Day breaks with a thick mist and the raucous yelling of hunters. The veil of mist lifts to reveal a cloudless sky and the hunters fire episodically and then go quiet. It’s a perfect afternoon for hunting archaeological sites.

Sergio has invited me to visit the archaeological sites he has been recording in our liminal comune of Giove, western Umbria. The first is beside a bend in the Tiber. Amazingly this long Roman wall with its strange angled stonework, punctuated by tile-lined windows, has not been registered as a site. The land-owner gathering wood is happy to chatter about it. His wife, Franca, knows more and eagerly joins us. Apparently the enigmatic wall is the terrace edge of elevated land which is full of tile and pottery. To make the point, Franca, takes us to the farm and shows us a large mortarium, bases of amphorae, sigillata and tesserae from mosaic floors she has collected from the fields revetted by the wall. Sergio has learnt that the early medieval church of S. Valentino, property of the abbey of Farfa, stood hereabouts until the railway engineers demolished it.

S. Valentino, Giove, port wall

Even more impressive are the remains around the deserted fattoria of Malvicino. We are now on a high terrace overlooking Attigliano, the Tiber and to our west, Monte Cimino. Below the fattoria’s 19th-century tower is a square base of immense proportions, perhaps for a Roman tower, or conceivably a mausoleum. Even more impressive is the northern block of the fattoria. Early medieval construction mixed with Roman spolia suggest that this is a 11th- or 12th-century tower. Around it the fields are littered with tile and ceramics mixed in with pozzolana. Beyond is an outcrop with deep caves, remains, in my view of medieval to early modern dwellings. Once known as Civita Vecchia, this was clearly a Roman centre of some importance that had a more limited medieval afterlife.

Malvicino fattoria with medieval origins

On we drive, passing throngs of orange suited hunters. Sergio points out a Roman columbarium, perhaps for doves rather than funerary vases. We pause at an Etruscan wall and he draws my attention to points where antiquarians report Etruscan tombs.

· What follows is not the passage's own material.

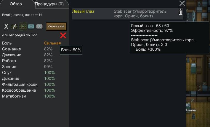 Пришлось смухлевать – я перекрыл 2 бойцами с чудо-ножами улицу и приманил волков туда с помощью Старри и его телепорта. На скрине, кстати, виден волчок, который пришёл ко мне в прошлый раз, но так и не пришёл в себя. Его подкармливают (сами), чтобы он не сдох. К сожалению, мод "A Dog Said…" работает не очень хорошо – я изучил и создал нужные протезы (у него боль в глазу 600%, см 9 Мартомая 5504), но не могу их вживить, своим другим питомцам – тоже. Возможно, конфликт модов. Остальные же прирученные волки чувствуют себя хорошо и как раз сегодня родили мне 2 волчат. Попробую и этих захватить, правда помню какой это гемор. У Ганса висит воодушевление приручения, один точно приручится.

The mud is thick under foot, but the potsherds show up like lights in the sodden earth. These archaeological truffles are all the more amazing because here, in the Tiber valley, an hour out of Rome, the great revolution in archaeological mapping never arrived. To this end Sergio is diligently performing his civic duty, with the support of Giove’s mayor, hopeful that in time this patrimony is made safe. In every sense it is a magical tour of authentic, undocumented archaeology on a breathtakingly beautiful November afternoon. As darkness falls the hunters fire off their final shots.